Records shown Block Start

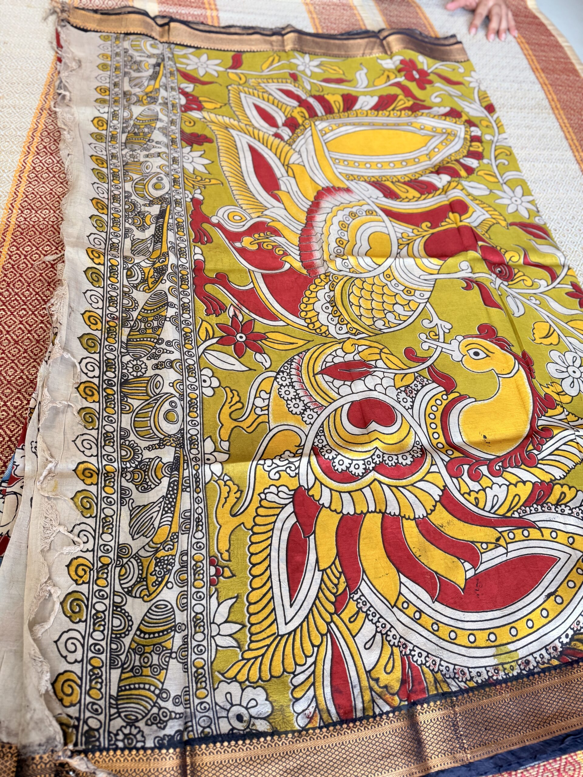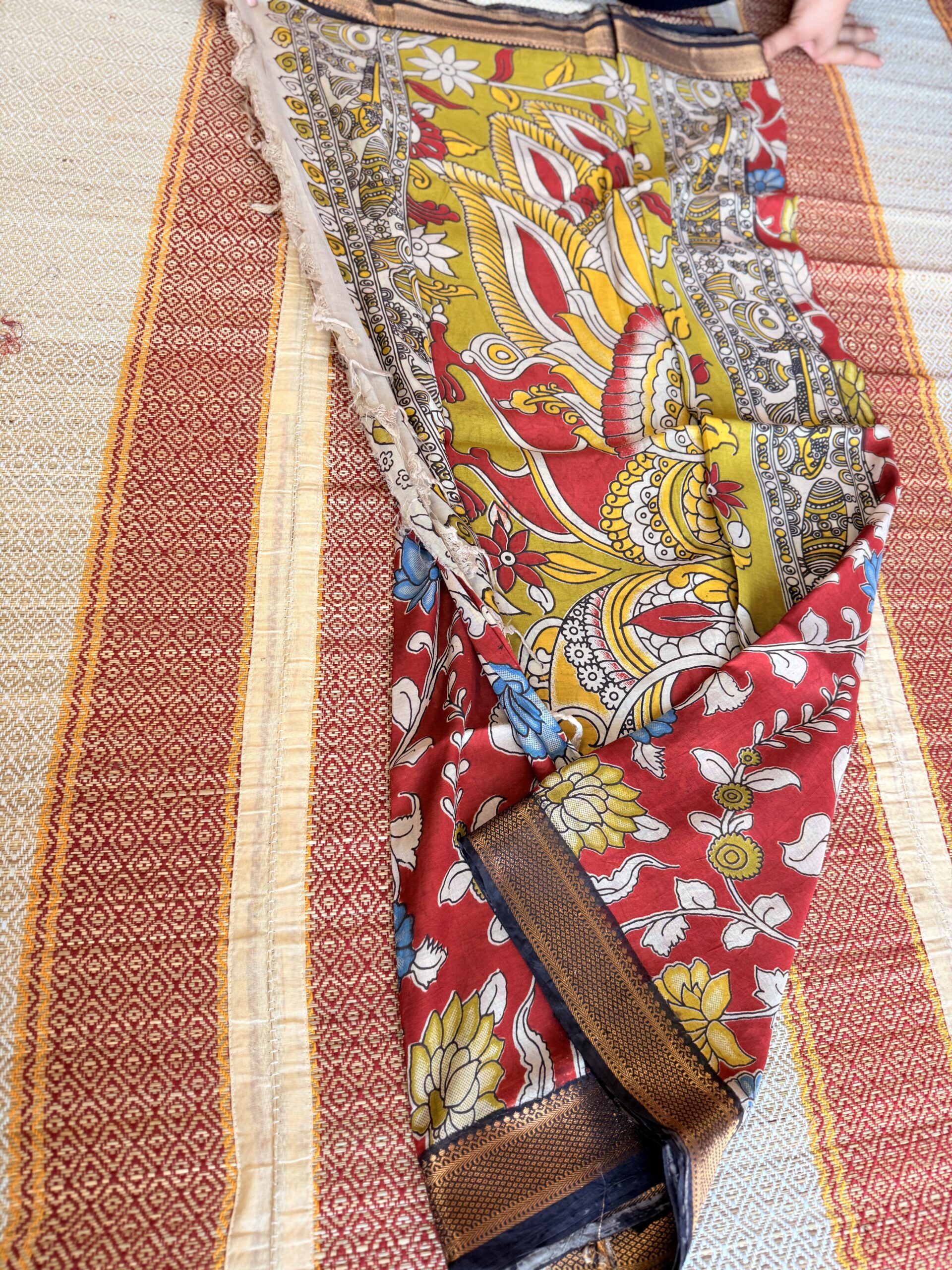 Mangalagiri Silk saree with reddish maroon in big kalamkari pattern
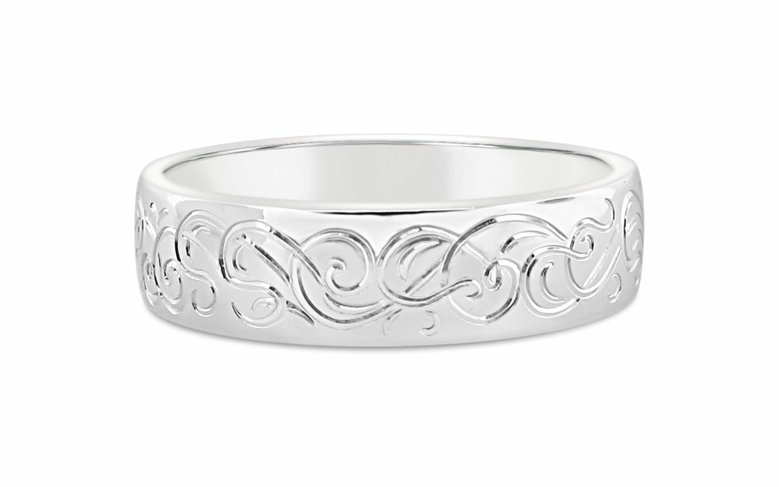 This 6.5mm wide band features custom hand engraving. This ring is a finger size 10.
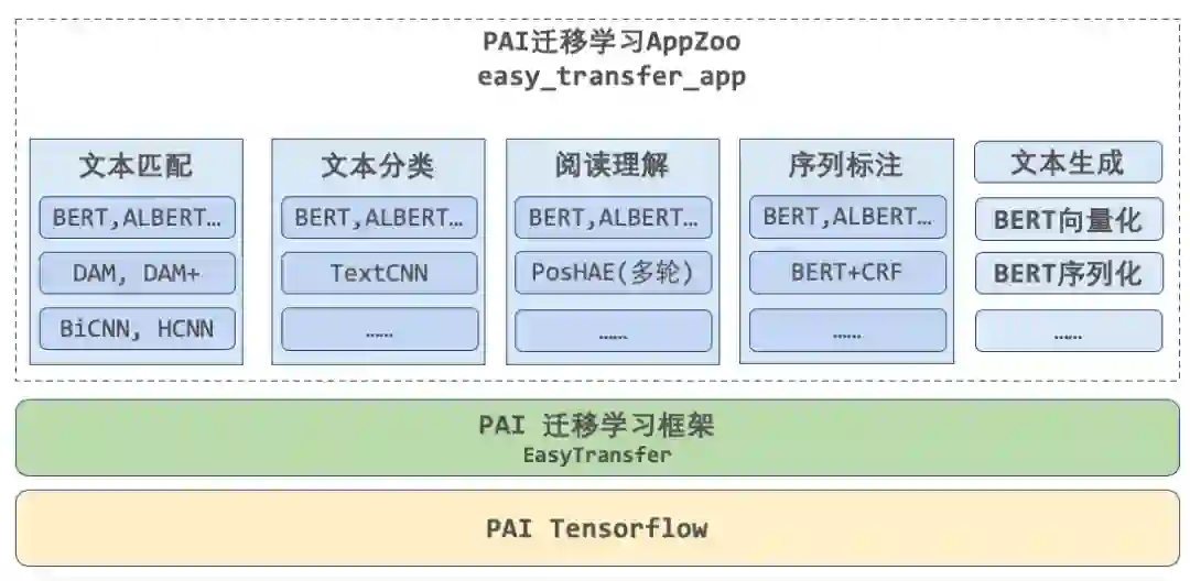 EasyTransfer 封装了高度易用、灵活且学习成本低的 AppZoo,支持用户在仅用几行命令的条件下 “大规模” 运行 “前沿” 的开源与自研算法,即可迅速接入不同场景和业务数据下的 NLP 应用,包括文本向量化、匹配、分类、阅读理解和序列标注等。
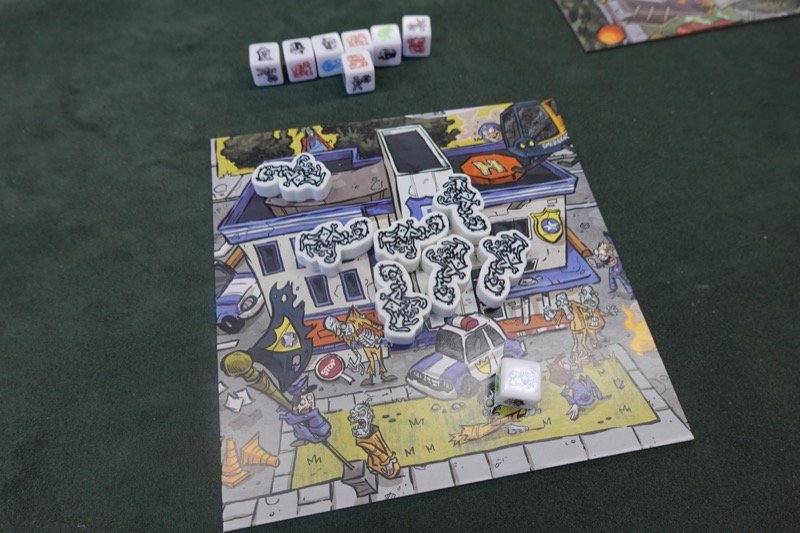 前回は2人で遊んだ「ゾンビマニア!」を今度は4人で遊びました。1戦目は滞りなく終わったのですが、2戦目は膠着してしまい、最後は1匹のゾンビがぐるぐると回るという展開になってしまいました。1匹しかないと勝つためにはそれを次のプレイヤーに回さなければならないのですが、そのために必要なのは墓2個、家2個といずれかのゾンビのペアということで、思ったよりも簡単に達成できてしまうのです。3巡ほど同じ状態が続いたので競技終了としました。
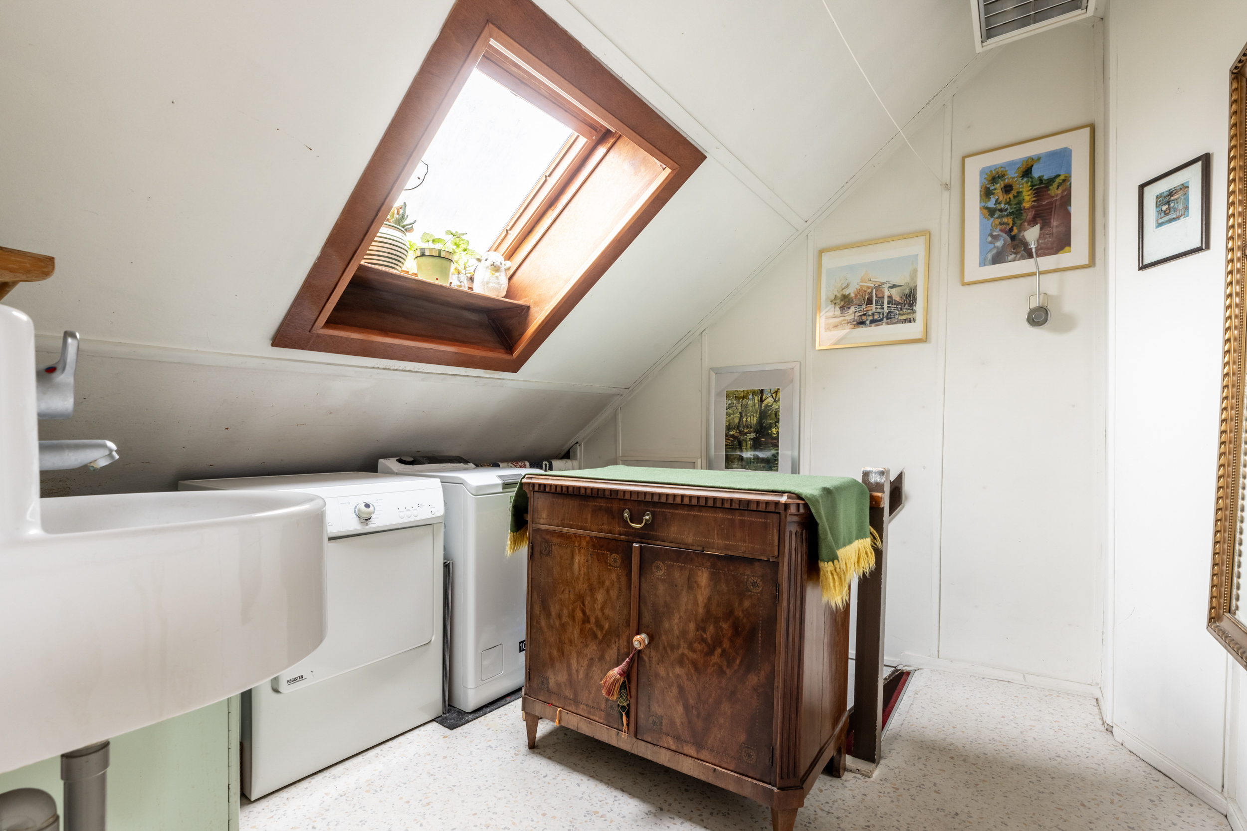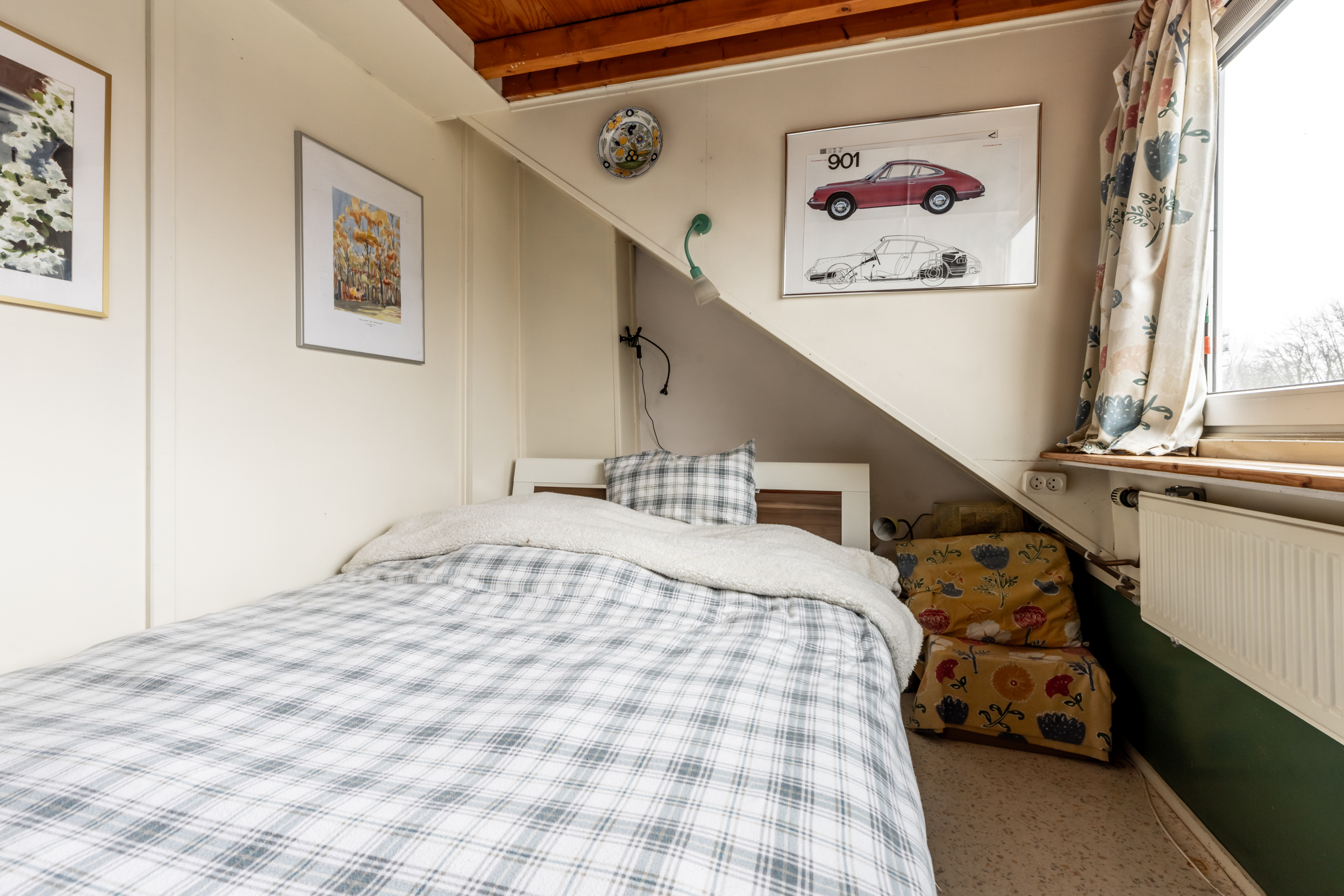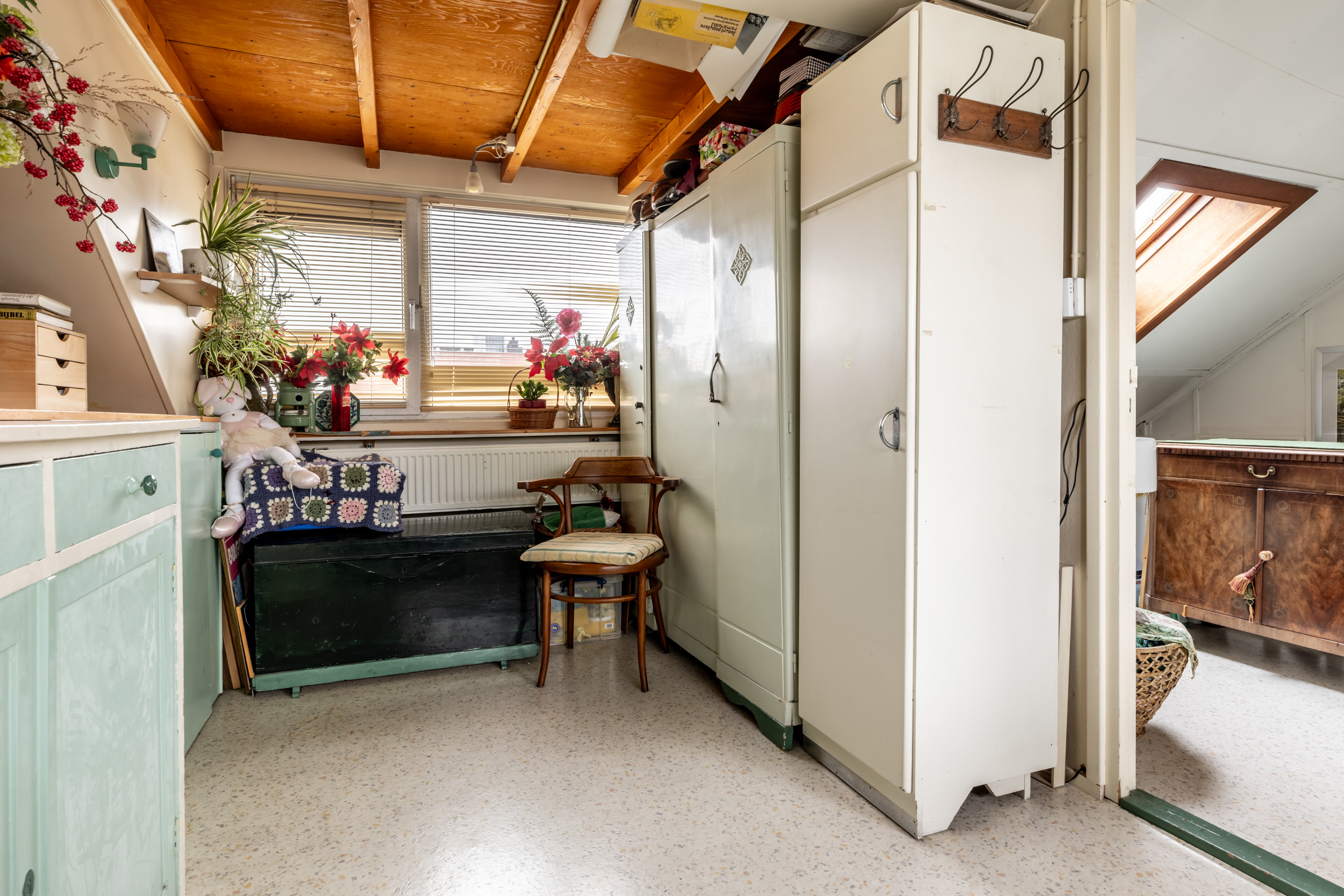 Tweede verdieping: Overloop met wasmachine/droger aansluiting en fonteintje. Ruime L-vormige slaapkamer met dakkapel over de gehele breedte aan de achterzijde.
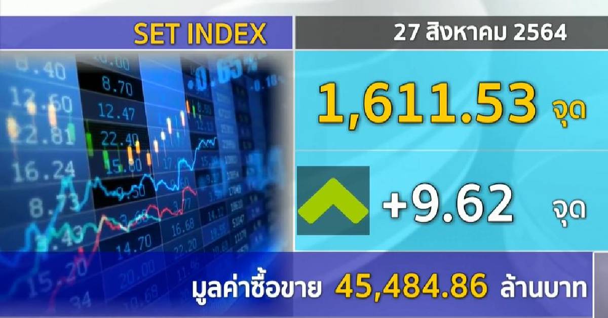 กทม. 27 ส.ค.-ตลาดหุ้นไทยเปิดตลาดเช้าวันนี้ ดัชนีอยู่ที่ 1,600 กว่าจุด แต่ดัชนีช่วงเที่ยงอยู่ที่ 1,611.53 จุด เพิ่มขึ้นไป 9.62 จุด มูลค่าซื้อขาย 45,484.86 ล้านบาท
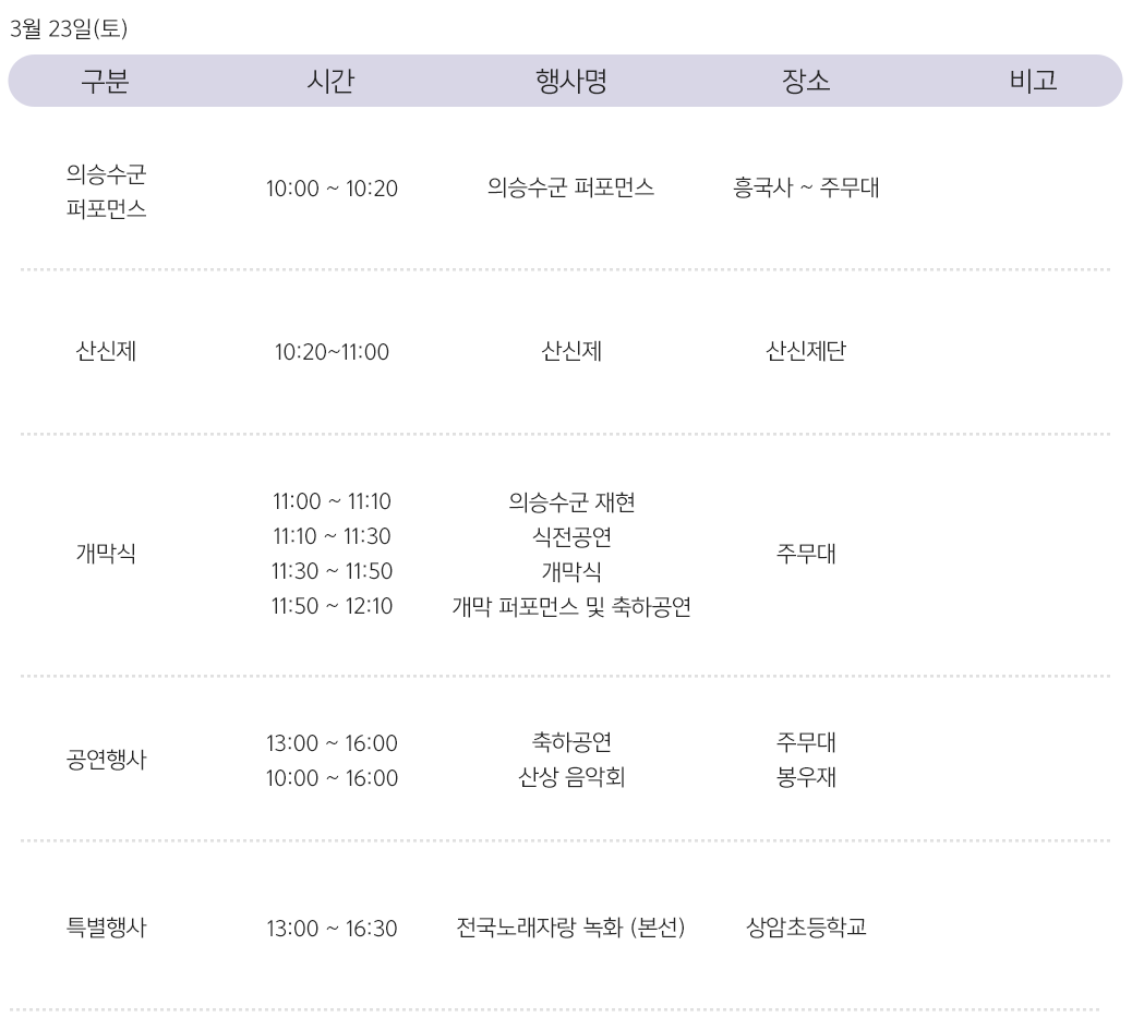나. 부대 프로그램 : 전국노래자랑, 의승수군 퍼포먼스, 산신제, 진달래 꽃맵시 선발대회, 산악인 등반대회 등

Records shown Block End

## Activity:
Give the records again exactly, without pictures.

## Exercise response:
 Mangalagiri Silk saree with reddish maroon in big kalamkari pattern
 This 6.5mm wide band features custom hand engraving. This ring is a finger size 10.
 EasyTransfer 封装了高度易用、灵活且学习成本低的 AppZoo,支持用户在仅用几行命令的条件下 “大规模” 运行 “前沿” 的开源与自研算法,即可迅速接入不同场景和业务数据下的 NLP 应用,包括文本向量化、匹配、分类、阅读理解和序列标注等。
 前回は2人で遊んだ「ゾンビマニア!」を今度は4人で遊びました。1戦目は滞りなく終わったのですが、2戦目は膠着してしまい、最後は1匹のゾンビがぐるぐると回るという展開になってしまいました。1匹しかないと勝つためにはそれを次のプレイヤーに回さなければならないのですが、そのために必要なのは墓2個、家2個といずれかのゾンビのペアということで、思ったよりも簡単に達成できてしまうのです。3巡ほど同じ状態が続いたので競技終了としました。
 Tweede verdieping: Overloop met wasmachine/droger aansluiting en fonteintje. Ruime L-vormige slaapkamer met dakkapel over de gehele breedte aan de achterzijde.
 กทม. 27 ส.ค.-ตลาดหุ้นไทยเปิดตลาดเช้าวันนี้ ดัชนีอยู่ที่ 1,600 กว่าจุด แต่ดัชนีช่วงเที่ยงอยู่ที่ 1,611.53 จุด เพิ่มขึ้นไป 9.62 จุด มูลค่าซื้อขาย 45,484.86 ล้านบาท
나. 부대 프로그램 : 전국노래자랑, 의승수군 퍼포먼스, 산신제, 진달래 꽃맵시 선발대회, 산악인 등반대회 등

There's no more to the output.